За что они дерут такие деньги – непонятно.
Знакомая уже пристань у Фронт-стрит наводнена пестро одетыми таксистами, наперебой приглашающими в «эксклюзивную поездку в квартал Мариго» на французскую сторону. Вариациями этого были, в зависимости от контингента туристов, «эксклюзивное посещение самого приватного стрип-джойнта на Вест-Индах», «эксклюзивный просмотр самой старой ветряной мельницы на Карибах», и «эксклюзивная экскурсия на место прошлогоднего пожара гостиницы «Сан Суси». Поколебавшись, я решаю – по совету Виалли – идти до оффиса Каммингса пешком.

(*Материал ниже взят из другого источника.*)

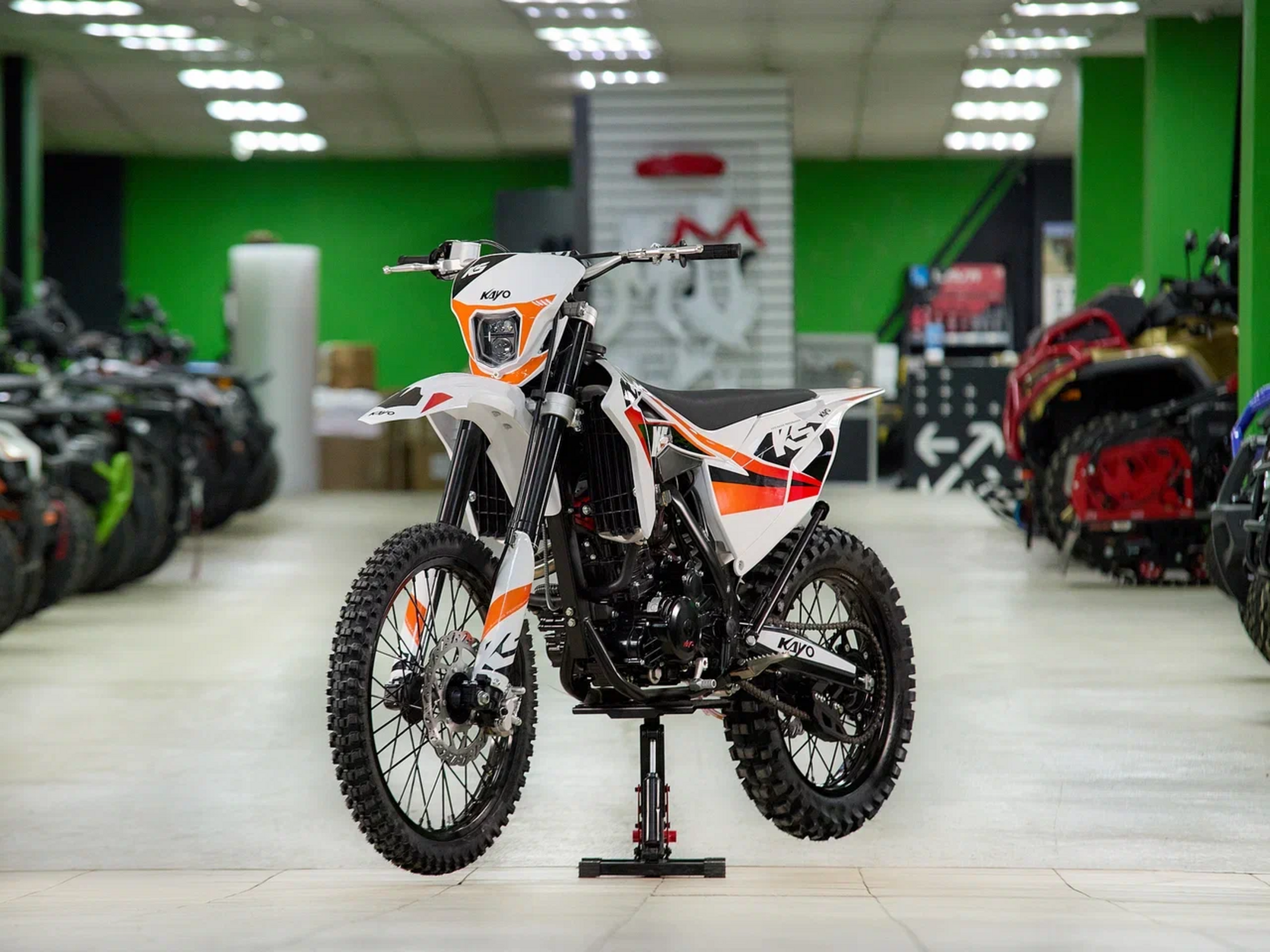 Кроссовый мотоцикл KAYO K5 Enduro – идеальный снаряд для внедорожного экстрима, представляющий собой оптимальный баланс производительности и технической оснащённости, поэтому он идеально подходит как новичкам, так и опытным райдерам. Удобный, простой и надёжный мотоцикл, который полностью оправдывает свою цену.Мотоцикл оснащён одноцилиндровым 4-тактным двигателем (ZONGSHEN NB300/ZS174MN-5) с балансирным валом и объёмом 280 см3, который обеспечивает высокую мощность (27 л.с.) и крутящий момент, что позволяет развивать большую скорость и с лёгкостью преодолевать трассы со сложным рельефом. Карбюратор NIBBI PWK34 обеспечивает бесперебойную работу техники в самых жестких условиях эксплуатации, простоту и лёгкость в обслуживании, а также неприхотливость к качеству топлива. Жидкостная система охлаждения не допустит перегрева мотора даже при самом агрессивном вождении. Аппарат оснащён 6-ступенчатой механической коробкой передач с классической схемой “1-N-2-3-4-5-6”.Усиленная рама из хром-молибденового сплава разработана фирмой KAYO. Передняя подвеска — регулируемая телескопическая вилка перевёрнутого типа длиной 880 мм, задняя — регулируемый моноамортизатор 470 мм с прогрессией, рассчитанный на высокие нагрузки. Оба компонента подвески произведены фирмой KKE. В паре они позволяют эффективно амортизировать удары при езде по неровностям и препятствиям на трассе. Мотоцикл оснащён классическими спицованными колёсами диаметром 18 и 21 дюйм. Эффективное и безопасное замедление с любых скоростей обеспечивают гидравлические дисковые тормоза.Мотоцикл достаточно компактен, поэтому он комфортен в эксплуатации одновременно и для мужчин среднего телосложения, и для девушек. Байк оснащён системой запуска двигателя при помощи кнопки электростартера или при помощи рычага кик-стартера.Высококачественная износостойкая резина с развитым протектором отлично держит дорогу на различных типах покрытия и в самых разных поворотах. Сиденье эргономичной формы покрыто антискользящим материалом. Данная модель укомплектована очень яркой фарой со светодиодным модулем, которая позволяет кататься и в ночное время.K5 Enduro сочетает в себе отличные технические характеристики, комфорт и надёжность, что позволяет вам ощутить настоящую свободу на любой трассе.

Я настоял на том, чтобы Эжени осталась на корабле. Наверняка приемная доктора забита местными жителями – с плачущими детьми, пригнанными в уплату козами и кучей экзотических бактерий и вирусов. Покапризничав мгновение для приличия, она согласилась поскучать у бассейна в аттриуме, где я и пообещал найти ее через три часа. В качестве утешения я купил ей какой-то сногсшибательный коктейль в баре и воткнул в джакузи рядом с парой интенсивно изучающих друг друга молодоженов.
Я выгляжу вполне сносно. Ранний сытный ланч подкрепил меня. Мазь – или время – сделали свое дело; лишь под глазами, на лбу и на шее остались слегка заметные припухлости. Народ уже не шарахается от меня, ну, а остальное вскоре выяснится.
Внешний вид улицы Принца Альберта явно не дотягивал до напыщенности ее названия. Если дома, гнездящиеся ближе к центру, кое-где еще сохраняли облупившуюся краску на обветшалых стенах, то лачуги в ее конце, выстроенные с применением всего, что было выброшено морем на берег, не подозревали о существовании штукатурки и малярной кисти.
Типичный пейзаж запущенного портового тупика. Раскаленное солнце, запах жареной рыбы, местных специй, марихуаны и дешевой любви. Я уже собрался было повернуть восвояси, но за кучей «шаков» из ящичных досок внезапно увидел вполне приличный одноэтажный дом из бальсового дерева, выстроенный на каменном фундаменте – наверное, из тех же фрегатных камней, о которых говорил нам Бриз. Я тут же заверил себя, что даже если это будет бордель, а не оффис доктора, я все равно зайду туда отдохнуть от обессиливающей жары.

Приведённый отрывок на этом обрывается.